DATASET RECORDS: Begin

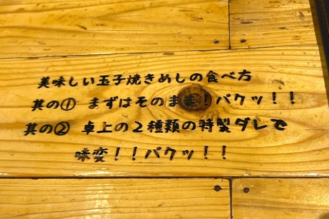 さらにカウンターの木製テーブルには、「美味しい玉子焼きめしの食べ方」が、刻印されている。こういった演出も粋だ。
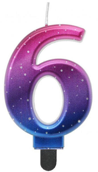 Színes 6-os Night Sky Metallic számgyertya, tortagyertya Színes számgyertya, tortagyertya 6-os Méret: 8 cm
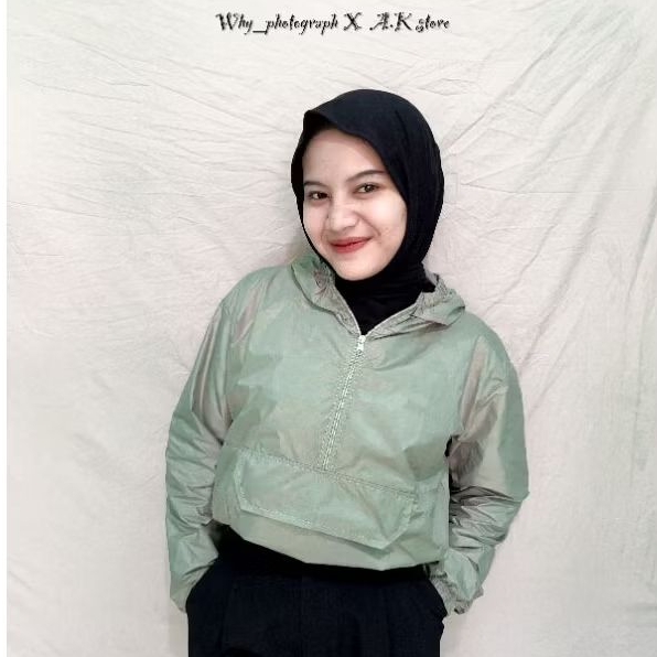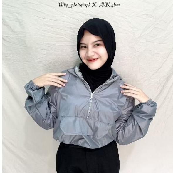 Jaket Olahraga Crop Wanita Parasut Dengan Saku Depan Atasan Sport Cewek
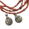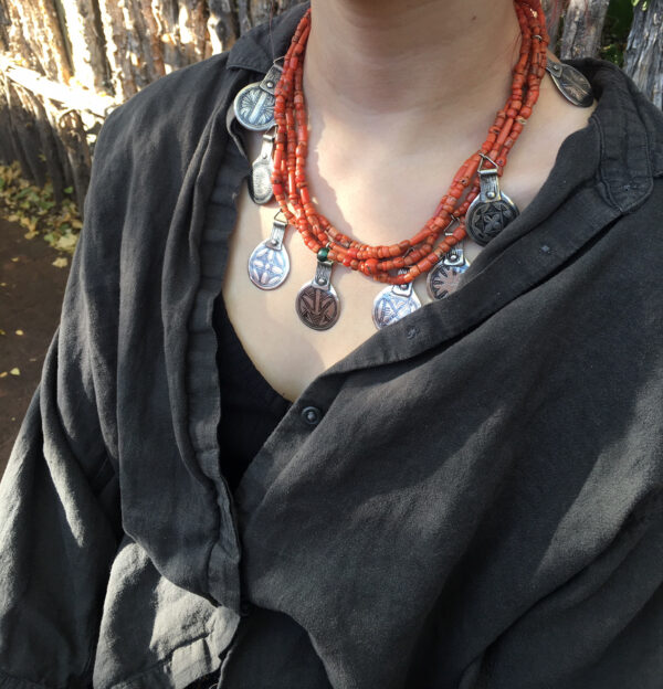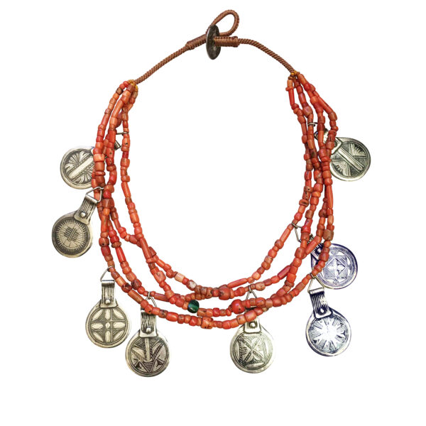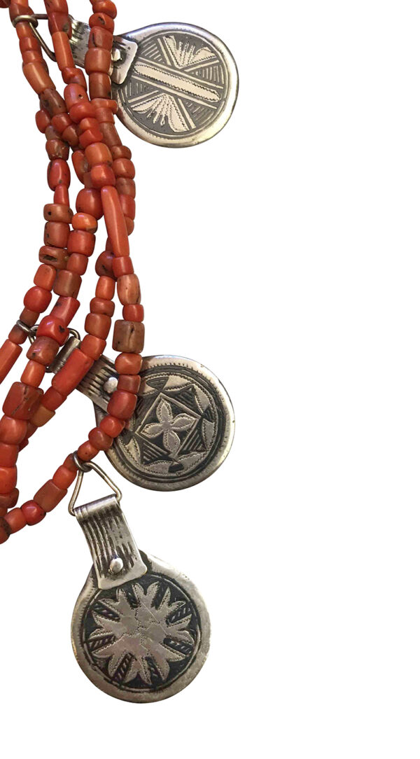 The silver charms are niello etched, a process very traditional among the Berber people of the Ida Ou Nadif region. These silver charms are wonderfully abstract and quite unusual for this type of charm. The coral beads are beautifully sized and perfectly strung. The jewelry, silver and coral, define a woman’s wealth and is an important part of her wedding gift from her fiance.
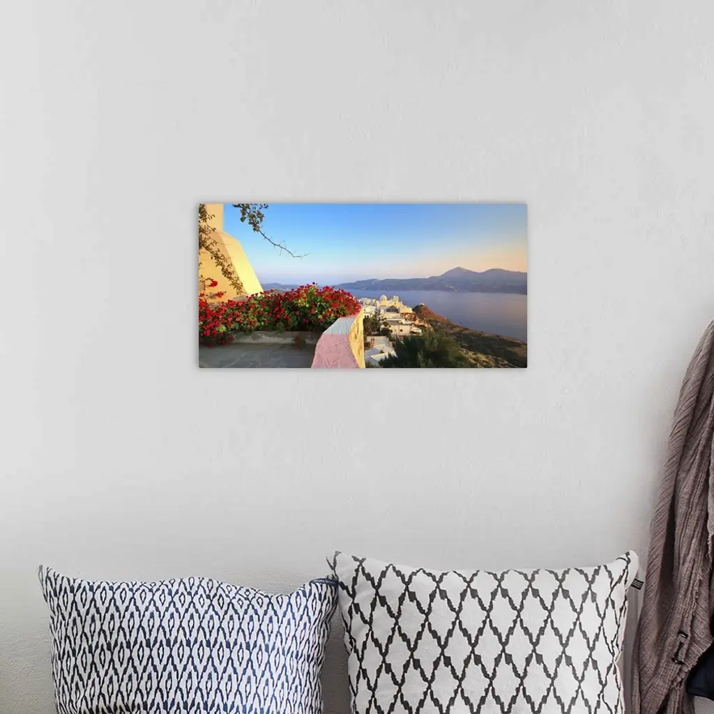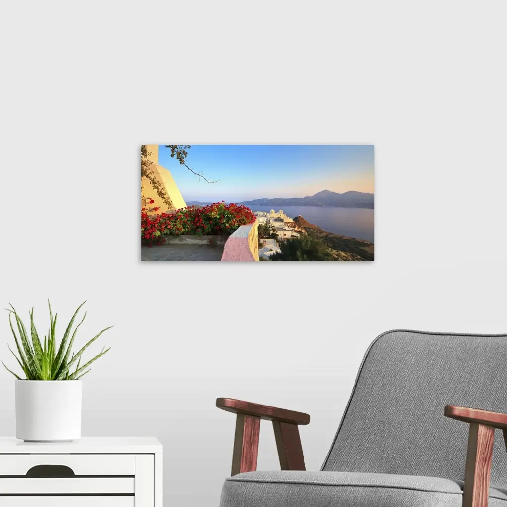Greece, Cyclades, Milos island, View of Plaka village from Kastro castle and church wall art for home and office decor. Discover canvas art prints, photos, mural, big canvas art and framed wall art in GreatBigCanvas.com's varied collections.
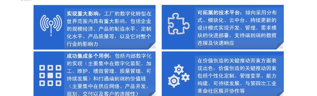 System integration and data connectivity are key characteristics of enterprises moving towards the level of maturity. According to the data analysis results of the platform, 20.77% of enterprises have developed a complete system integration architecture and specifications, and only 12.77% of enterprises can realize the integration of design, production, logistics, sales and service. The demand for enterprise integration is strong, and there are widespread problems such as low technology level, weak personnel capacity, and large capital investment, which make it difficult to achieve interconnection, or restrict enterprises to move towards a high maturity stage. 数字化转型网(www.szhzxw.cn)数字化转型网灯塔智造专题
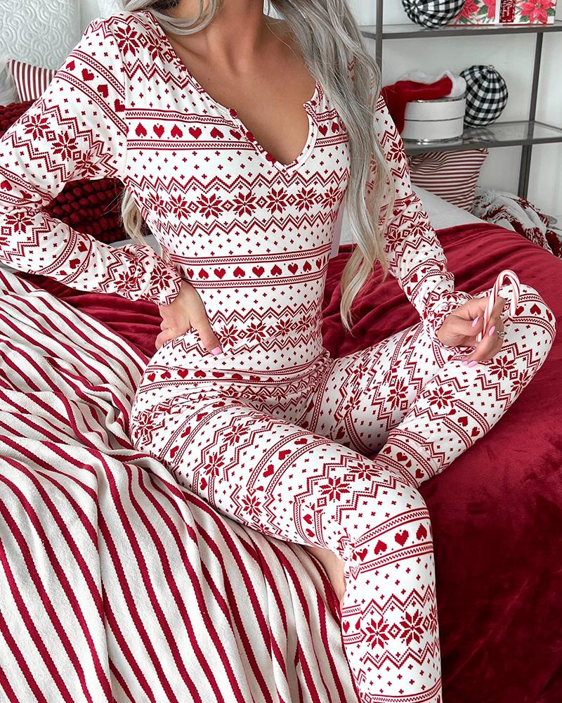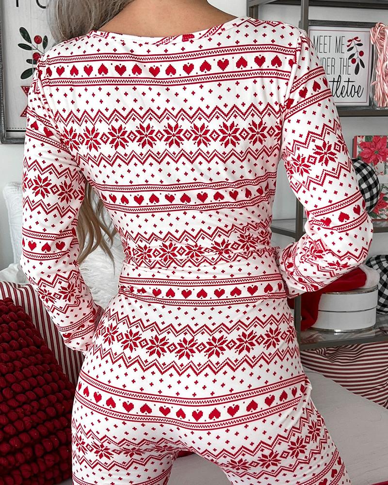 Snowflake Fair Isle Print Long Sleeve Sleep Onesie

DATASET RECORDS: End

TASK TO COMPLETE
An exact retyping of the entries, without images, is the required answer.

WRITTEN ANSWER
 さらにカウンターの木製テーブルには、「美味しい玉子焼きめしの食べ方」が、刻印されている。こういった演出も粋だ。
 Színes 6-os Night Sky Metallic számgyertya, tortagyertya Színes számgyertya, tortagyertya 6-os Méret: 8 cm
 Jaket Olahraga Crop Wanita Parasut Dengan Saku Depan Atasan Sport Cewek
 The silver charms are niello etched, a process very traditional among the Berber people of the Ida Ou Nadif region. These silver charms are wonderfully abstract and quite unusual for this type of charm. The coral beads are beautifully sized and perfectly strung. The jewelry, silver and coral, define a woman’s wealth and is an important part of her wedding gift from her fiance.
Greece, Cyclades, Milos island, View of Plaka village from Kastro castle and church wall art for home and office decor. Discover canvas art prints, photos, mural, big canvas art and framed wall art in GreatBigCanvas.com's varied collections.
 System integration and data connectivity are key characteristics of enterprises moving towards the level of maturity. According to the data analysis results of the platform, 20.77% of enterprises have developed a complete system integration architecture and specifications, and only 12.77% of enterprises can realize the integration of design, production, logistics, sales and service. The demand for enterprise integration is strong, and there are widespread problems such as low technology level, weak personnel capacity, and large capital investment, which make it difficult to achieve interconnection, or restrict enterprises to move towards a high maturity stage. 数字化转型网(www.szhzxw.cn)数字化转型网灯塔智造专题
 Snowflake Fair Isle Print Long Sleeve Sleep Onesie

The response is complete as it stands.